The Department of Justice on Friday said that it has charged three people following “one of the largest reported data breaches in U.S. history.” Charges were filed against two Vietnamese citizens and one Canadian, all of whom stole more than a billion e-mail addresses from service providers in the United States, the Department of Justice said. The Vietnamese men lived in the Netherlands.

“These men — operating from Vietnam, the Netherlands, and Canada — are accused of carrying out the largest data breach of names and email addresses in the history of the Internet,” DOJ Assistant Attorney General Caldwell aid. “The defendants allegedly made millions of dollars by stealing over a billion email addresses from email service providers.  This case again demonstrates the resolve of the Department of Justice to bring accused cyber hackers from overseas to face justice in the United States.”

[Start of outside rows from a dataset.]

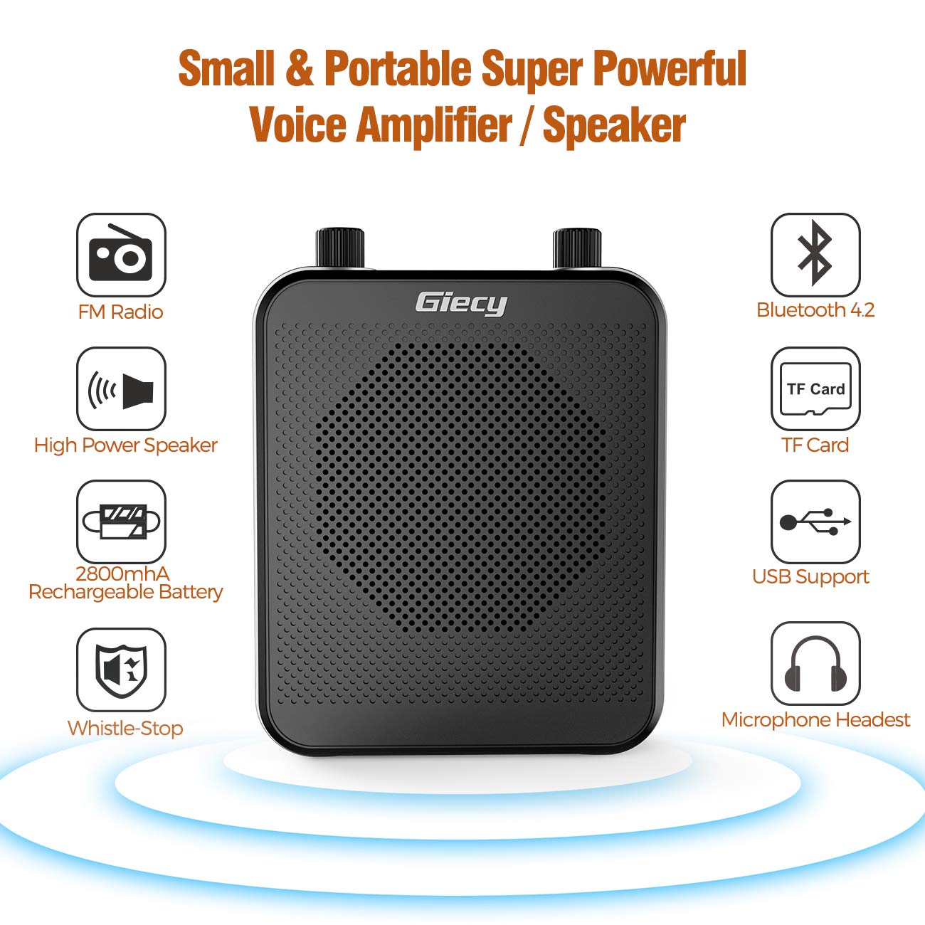 ??Giecy Portable Voice Amplifier Elite Bundle with Wired and Wireless mic headset. Maximum Flexibility.For Teachers, Show presenters. Clear Voice amplified and transmitted over distance with 2800 mAh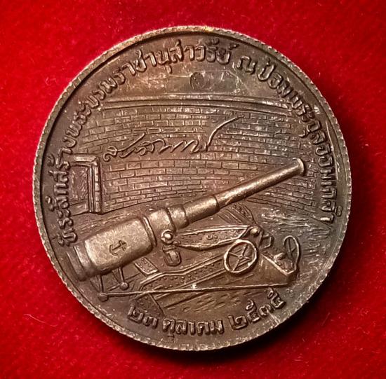 เหรียญ รัชกาลที่ 5 ที่ระลึกสร้างพระบรมราชานุสาวรีย์ ณ.ป้อมพระจุลจอมเกล้า ปี 35...ขอบสตางค์...ตอกโค้ด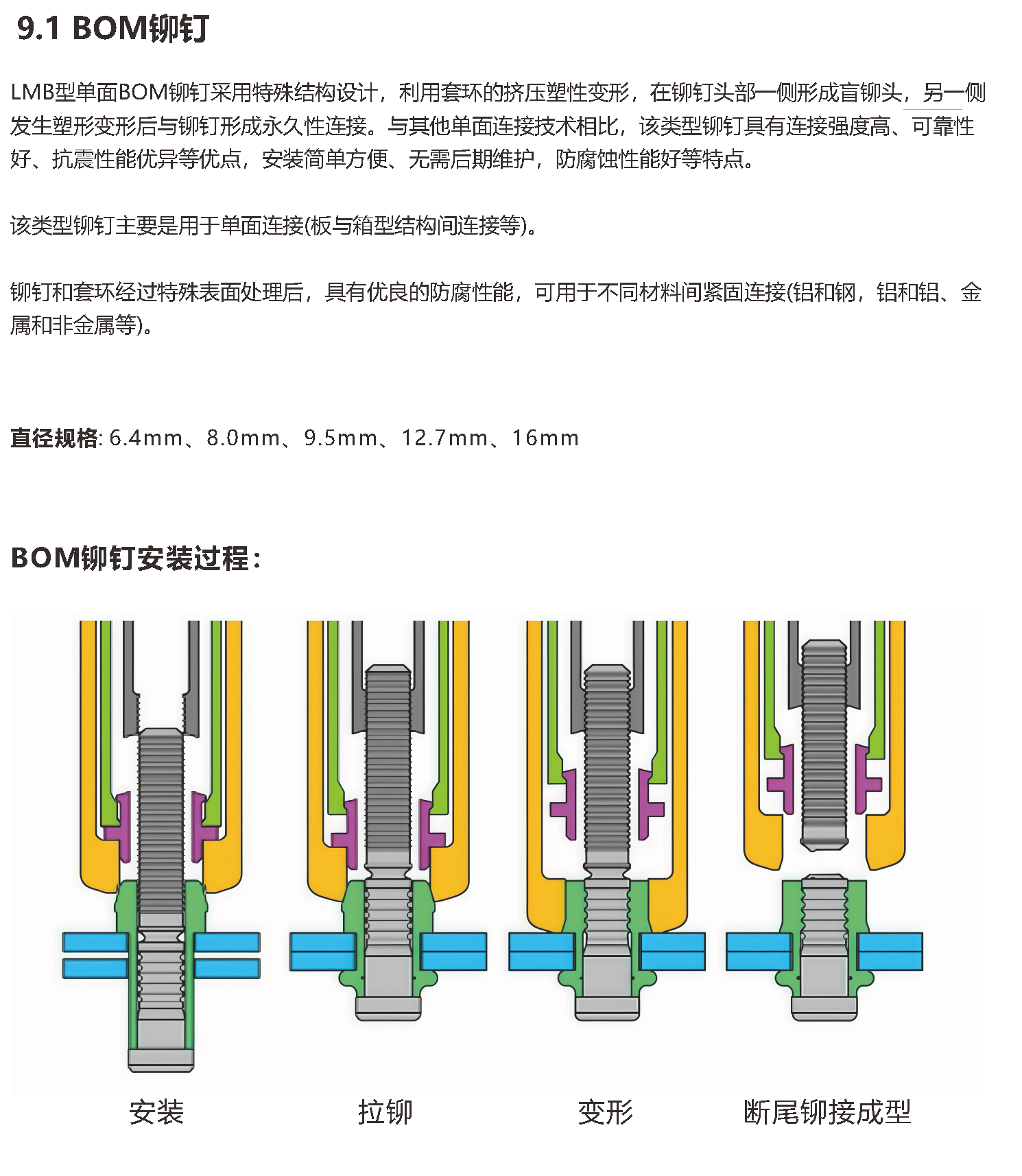 从技术上来说,抽芯铆钉由两部分组成:铆体和钉芯。抽芯铆接的特殊之处在于只需在连接件的一侧进行施工即可,而螺钉连接、敲击和冲压铆接等,必须同时对连接件的两侧进行施

The DOJ said the three hackers stole data from at least eight service providers in the United States and then used e-mail platforms employed by the service providers to send spam to billions of e-mail addresses, making upwards of $2 million. The FBI had its nose in the scheme as early as 2012, when the bureau worked with the Secret Service to begin searching for the hackers in the Netherlands.

An arraignment is set for one of them in in Atlanta today, while another faces sentencing on April 21. One of the men charged, 28-year old Viet Quoc Nguyen, is still on the loose.

The DOJ said that, despite the charges, the three men still “remain innocent unless and until proven guilty.”